Он решил устоять. Он собрал всю свою тихую неодолимую твердость. Он знал: всего труднее будет выдержать внутренний напор Резерфорда — его дружественный улыбчивый гнет, когда твоя воля сникает перед упрямой силой его подавляющей личности. Может быть, всего больше боялся он того, что позже сам назвал «очарованием резерфордовской порывистости». Оказаться незаметно сдавшимся — вот в чем была опасность.
…Ив и Мэри давно уже успели порассказать друг другу все новости, он — монреальские, она — манчестерские; Ив давно уже успел узнать все забавные детали прошлогоднего путешествия Резерфордов по Франции, когда они, пригласив с собою Брэггов, проехали на своем «уолслее-сиддлее» весь путь от Ла-Манша до Пиренеев; Мэри давно успела во всех подробностях описать канадцу прошлогодние торжества по случаю 250-летия Королевского общества, когда Эрнст, чтобы выглядеть, как все, на королевском приеме в Виндзорском замке, вынужден был купить себе цилиндр и непритворно страдал от «этого чудовища», а потом, во время «гарден-парти», в многотысячной толпе ученых гостей короля излишне громко негодовал на бессмысленную усталость и говорил, что ему было бы всего приятней, если бы впредь он уже никогда не удостаивался подобной чести; словом, Ив и Мэри давно успели попечалиться и посмеяться над множеством пустячных историй, какими переполнена жизнь, а Резерфорд и молодой датчанин продолжали сидеть взаперти за дверями кабинета.
Было очевидно — там шел спор.
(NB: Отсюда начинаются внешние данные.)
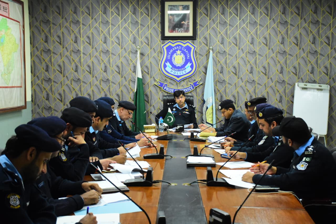 اسلام آباد (ٹی این ایس) ڈی آئی جی اسلام آباد محمد جواد طارق کی زیر صدارت کرائم کے حوالے سے اہم اجلاس۔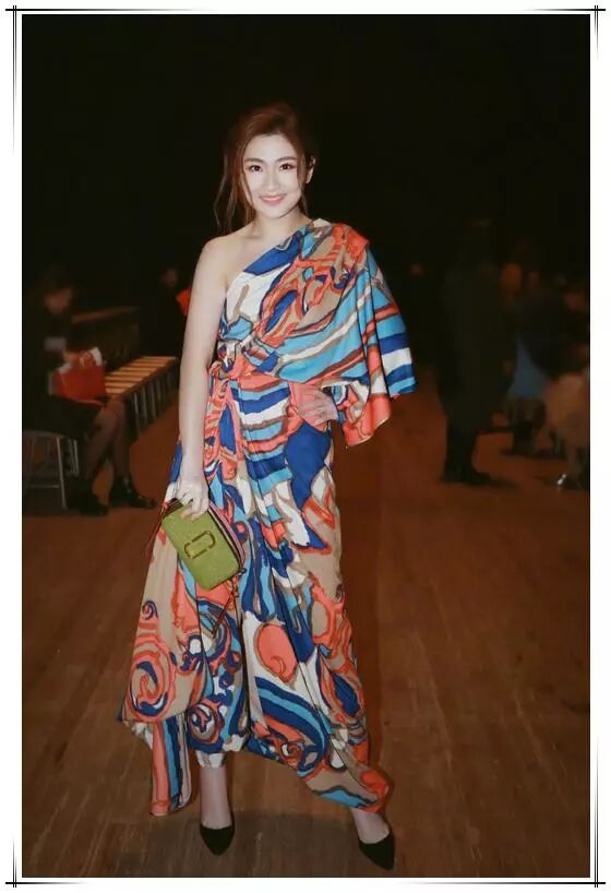 任家萱带穿了一件戴着夸张花纹的连衣裙,这件连衣裙上半部分肩膀的部分是不规则的设计,所以让她看起来格外的个性,同时这样夸张的印花让也只有任家萱可以很好的驾驭住。

Правда, со стороны это выглядело странновато: иногда оттуда доносился долгий рык, ему отвечало молчание — казалось, Резерфорд спорит с тишиной. В общем так оно и было.
(Несколькими годами позже Абрам Федорович Иоффе писал жене в Петроград о дискуссиях с Бором в Геттингене: «Бор удивительно глубокий и светлый ум, несколько замкнутый и до невероятия застенчивый и осторожный в суждениях…»)
Тот поединок в Манчестере продолжался не вечер и не два… И порывистость не одолела застенчивости, рычание — тишины. То, чего боялся младший, случилось со старшим: незаметно сдавшимся оказался Резерфорд. Пожалуй, впервые в жизни! Тут вмешалось в схватку кое-что просто человеческое.